3. There is NO GUARANTEE WHATSOEVER that her alcholic husband will get 50:50. The final figure will depend on a number of factors which it would take me too long to explain in this thread for now.

4. The WPC was wrong to say that she cannot change the locks - the house belongs to her (and also to her husband) so she can change the locks. However, the house also belongs to him (and also to her) so he could break the door down to get in. If he did that she could call the Police who would (hopefully) arrest him for a Breach of the Peace.

5. She may be able to keep him out with an injunction (which someone called a restraining order) which a good Solicitor will be able to achive in several days especially if he can stay with family or friends elsewhere

I hope that helps.


Book Reviewer
If he's drinking that much, and he's winding up in hospital all the time, he can't have that long to go. Help him along a bit. Buy him some of the hard stuff.
Have a sniff around on your house and contents insurance (Phone insurance up and ask), mine has cover for legal fees, I only found this out by accident when I was about to spunk a shed load of cash on a solicitor

CAB will basically tell you to seek a solicitor and will have a list of local firms. They are well meaning but fairly pointless

It may be worth when you book to see a solicitor ask them what admin they need to see/would be helpful to peruse in your first 30 minutes

Good luck
cheers all, obviously a proper solicitor is on the cards, but such things take time to arrange - what matters right now is physically keeping this c0ck out of the house till the civil law can grind into action.

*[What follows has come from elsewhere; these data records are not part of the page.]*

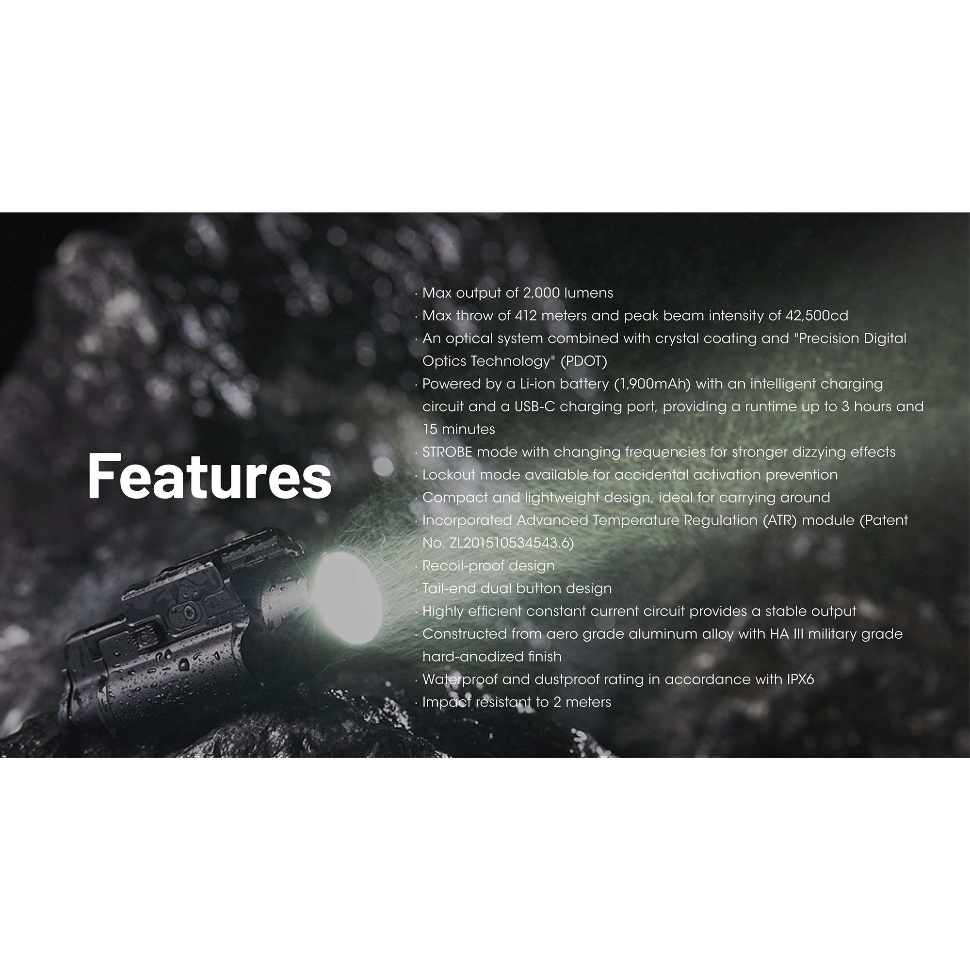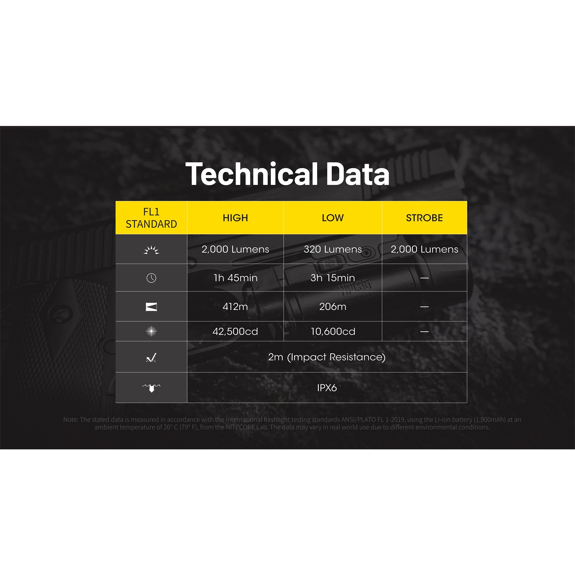 Produkt:  Nitecore NPL35 Oppladbar Våpenlykt 2000 lumen
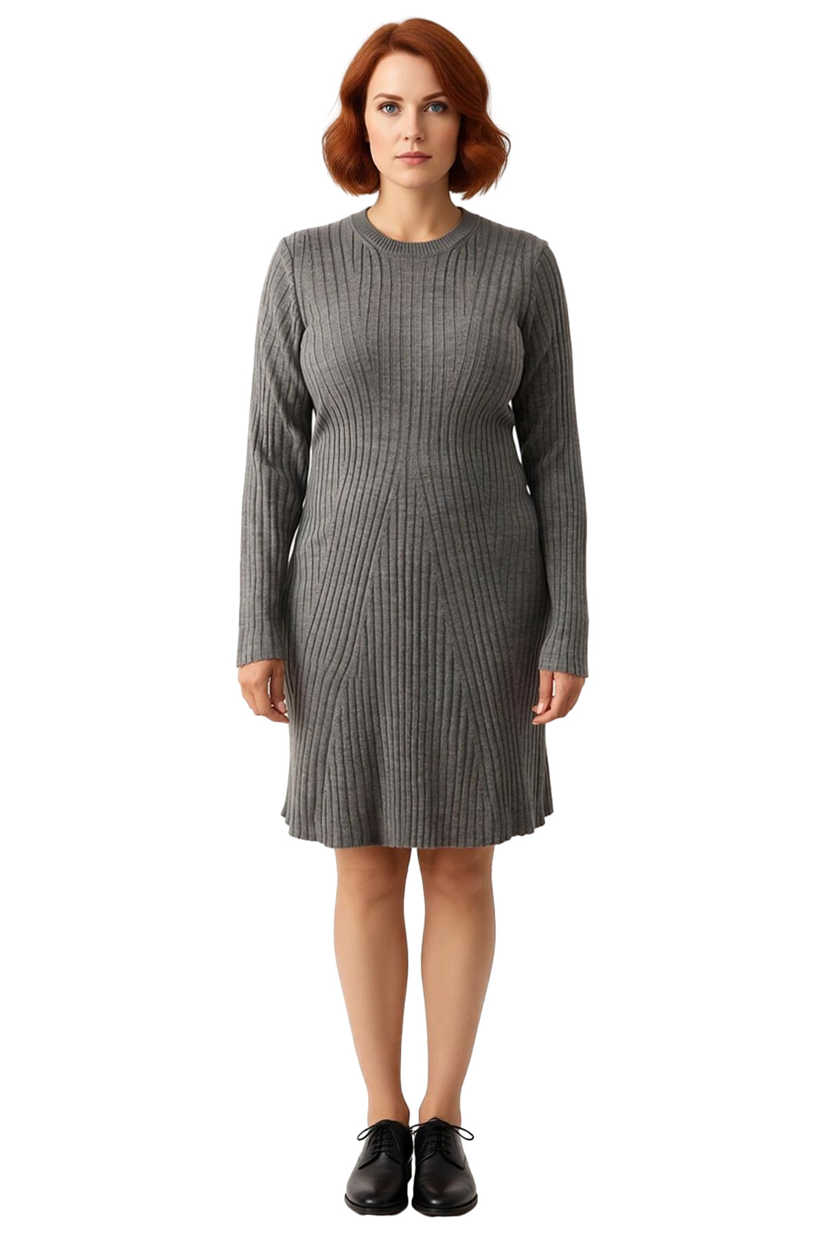 Ürün Özellikleri: Bodycon kalıp, akrilik materyal, düz desen, bisiklet yaka, standart kol, triko kumaş, gri renk.
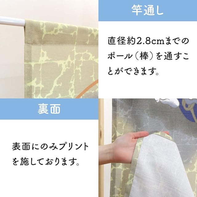 【注意点】※のれん棒、突っ張りポール等は付属しておりません。 ※カラーに関してはモニターの発色により多少異なる場合があります。 ※生地の特性や裁断・縫製作業での若干の歪みなどにより、仕上がりサイズに最大2cm程度の誤差が生じることがあります。
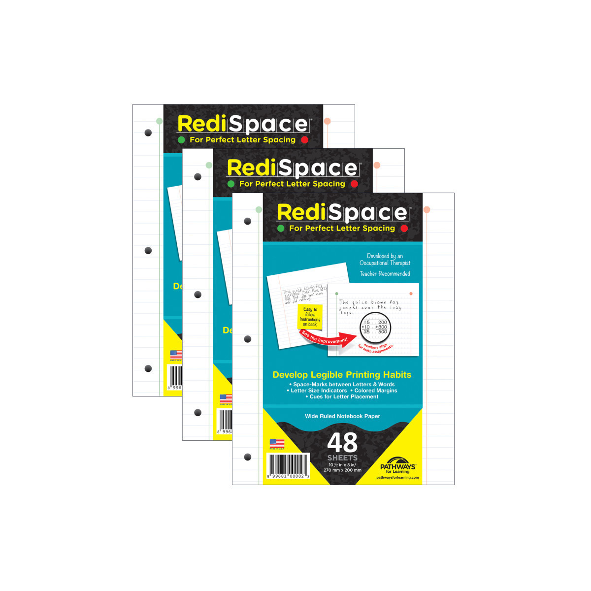 This patented legibility paper was designed and tested by occupational therapists who specialize in handwriting. RediSpace helps students write more neatly by using innovative cues for proper spacing between letters and words, correct letter size, and appropriate alignment of letters on the lines. Teachers LOVE RediSpace because they can read their student's handwriting and fewer errors occur in math due to number misalignment. Wide ruled. Includes 48 sheets. Measures 10.5" x 8.5". Sold as 3 packs for a total of 144 sheets.

i did offer to send a gift of frosty jacks (the tipple of choice) with a 'special' ingredient of drain cleaner to the hospital, sadly this suggestion was rejected...
My 2c:

Your solicitor will advise about a restraining order or whatever it is called, but if she wants to make life easy for herself always call the police. If he is arrested then he is out of the house. If he is drunk and lifts a finger to the police then that's police assault. If he ends up in court and is given bail then he will have bail conditions? which might stop him returning to the house.

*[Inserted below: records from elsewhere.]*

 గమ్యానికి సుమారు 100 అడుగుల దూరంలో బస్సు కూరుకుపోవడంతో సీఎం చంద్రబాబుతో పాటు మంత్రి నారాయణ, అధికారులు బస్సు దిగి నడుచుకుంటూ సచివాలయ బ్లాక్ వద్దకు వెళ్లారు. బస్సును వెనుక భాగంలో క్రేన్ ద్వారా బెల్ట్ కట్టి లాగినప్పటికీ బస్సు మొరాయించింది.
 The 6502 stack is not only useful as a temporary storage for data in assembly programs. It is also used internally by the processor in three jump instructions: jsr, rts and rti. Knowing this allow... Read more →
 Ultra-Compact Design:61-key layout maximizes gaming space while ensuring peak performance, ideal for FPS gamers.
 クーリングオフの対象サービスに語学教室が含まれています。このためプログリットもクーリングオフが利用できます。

On the locks - if the lock is turned / the door chain is on and he can't get into the house, what is he going to do - try and break in and get arrested? - this gets back to the point with the police.

I know nothing whatsoever about English Restraining orders but suspect that her lawyer is better going to court with a list of 5 reported police incident numbers / charges than with an application and no evidence.

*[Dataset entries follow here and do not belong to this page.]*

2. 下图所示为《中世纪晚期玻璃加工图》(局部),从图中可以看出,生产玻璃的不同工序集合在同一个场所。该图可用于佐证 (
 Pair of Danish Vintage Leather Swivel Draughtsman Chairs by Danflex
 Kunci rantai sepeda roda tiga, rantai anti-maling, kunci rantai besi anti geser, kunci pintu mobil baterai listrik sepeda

Ignore the CAB - they have never taken a case to court themselves so their advice is pretty worthless. Look up Yellow Pages and find a solicitors' firm whose advert majors in divorce / family law. Alternatively phone the local court clerk and ask them which family lawyers regularly appear in the local court.
My 3rd and 4c:

Divorce - as far as I am aware in England the financial test isn't 50/50 its about circs at the time the judge considers the application.

Loans - why is she paying loans that are not in her name? Is she sure they are not in her name and he has not put her down as a co-signatory without her knowledge? Although she needs to take legal advice on this, if she makes payments it may lead to a presumption that she is a joint borrower.

Money - she needs this in spades.
If she is working she needs to make sure her wages are going to her account in her sole name, particularly if there is a chance of creditors going after the money.
A solicitor could easily cost her £160 per hour and she will need to have cash to pay this - to get a court case going.
If things are really bad and she needs to relocate, she needs to be able to pay for things.
All the above are far more important uses of her money than saving her husbands' arms from getting broken by the loan shark.

Credit Cards -
Credit Reference search will show most of the debt - equifax / experian £2 each. She may want to get a notice of dissociation to make sure that he is not landing her with bad credit rating.

Mortgage -
She needs to make sure that this is paid in full if it is a joint debt. His debts are not her problem.

Home -
I ask the question more than answer it but she needs to ask her solicitor what will happen with the home bearing in mind that if its in joint names then his share could be claimed by his creditors.